For years, I sat in rooms where people nodded about “consumer-led care” and then went on to do exactly what they were already doing. I watched people be harmed by systems that were designed to help them — or worse, be told the harm was all in their head.

So, we did what we always do: we built what didn’t exist.

QENDOCare is now the world’s first free, consumer co-designed, biopsychosocial telehealth clinic for people with endometriosis and pelvic pain. It sounds neat. Professional. Strategic. But what it really was — was messy, raw, relentless. It was me and a handful of people working ridiculous hours, fielding community calls, mapping intake flows in Canva, and getting knocked back from funding applications while reapplying the next day.

It was grief-fuelled and purpose-led.

We Started With Stories, Not Systems

This wasn’t built in a hospital boardroom. It was built in Facebook groups. In Zoom rooms. In hundreds of 1:1 calls with people crying because they didn’t know what else to do. We started with listening.
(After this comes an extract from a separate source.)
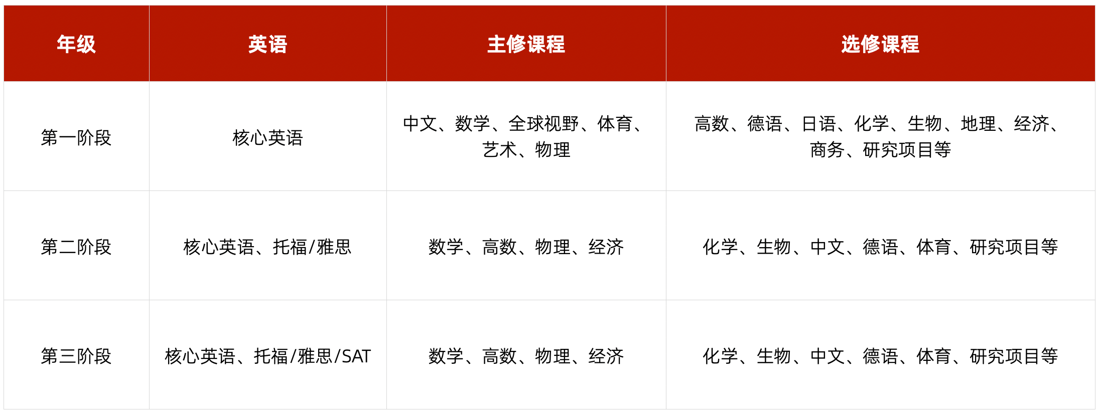 北京新亞學校的A-Level課程設置從國內(nèi)義務教育的英語語言、知識水平和認知能力出發(fā),10年級融合International GCSE課程,為學生的英語學習建立基礎,更好銜接11-12年級的A-Level課程。學生在主修課程中做好學術(shù)準備,在選修課程中探索自我,結(jié)合豐富的社團活動、體育活動等,認知全面且多元的世界,塑造未來世界公民。

And then we asked:

  • What would a clinic actually look like if it was designed around the lived experience?

  • What if referrals didn’t require someone to “prove” their pain?
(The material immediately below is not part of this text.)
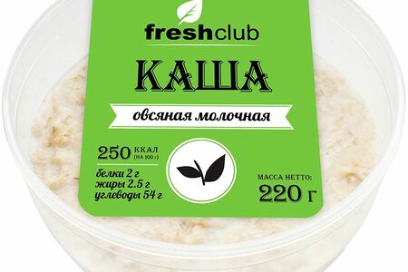 Срок годности в днях: 10Состав: Молоко питьевое топлёное 4% (молоко цельное, молоко обезжиренное), вода питьевая, хлопья овсяные, сахар, соль пищевая, комплексная пищевая добавка Константа микс (вода, модифицированные целлюлозные волокна, регуляторы кислотности: Е260 и Е330, антиокислитель Е300, соль йодированная).Пищевая ценность: Калорийность: 250Белки: 2Жиры: 2.5Углеводы: 54Страна изготовления: РоссияПроизводитель: Freshclub

  • What if the first appointment didn’t retraumatise them?

  • What if we didn’t just treat symptoms, but supported the whole person?

That’s where QENDOCare was born — not from a service design framework, but from asking better questions.
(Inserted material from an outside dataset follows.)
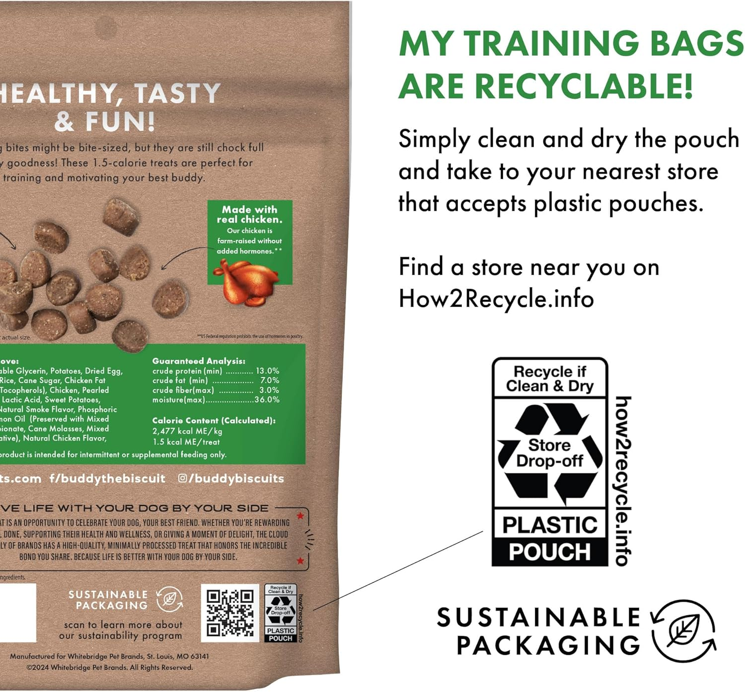 Buddy Biscuits Trainers Pouch of Training Bites Soft & Chewy Dog Treats Made with Chicken Flavor

We Had to Fight for Every Inch

Let’s be clear: women’s health is still drastically underfunded. Endometriosis research and care has been historically dismissed, trivialised, or “pink-washed” without real infrastructure investment. So when we said we were building a telehealth clinic to provide multidisciplinary care for free — eyebrows went up. Gatekeepers got uncomfortable.

We weren’t backed by a hospital. We had no existing model to clone. We were launching something unproven, unfunded, and (for some) inconvenient.

We applied for dozens of funding streams. We wrote, rewrote, and rewrote again. Eventually, Brisbane South PHN said yes. But even then, we didn’t wait — we started the prep work anyway. We onboarded clinicians. Held co-design workshops with CALD communities, First Nations women, LGBTQIA+ patients, carers, parents, GPs. We built it brick by brick.

Burnout Wasn’t a Risk. It Was a Companion.

Behind the scenes, I was working 14-hour days. My inbox was full of appointment requests before we even launched. I fielded media, wrote policy briefs, hired team members, sent ED referrals, and still made it to bedtime stories with my kids.

I don't say that to brag. I say that because people look at QENDOCare now and see a polished service. But we started with burnout in our bodies and purpose in our pockets. We built while exhausted because the alternative — another year of people getting dismissed, gaslit, and isolated — wasn’t acceptable.

And Still, We Were Told It Wouldn’t Work

We were told:

  • “You won’t get clinicians to sign on.”

  • “You can’t coordinate that many streams of care.”

  • “You can’t deliver trauma-informed care via telehealth.”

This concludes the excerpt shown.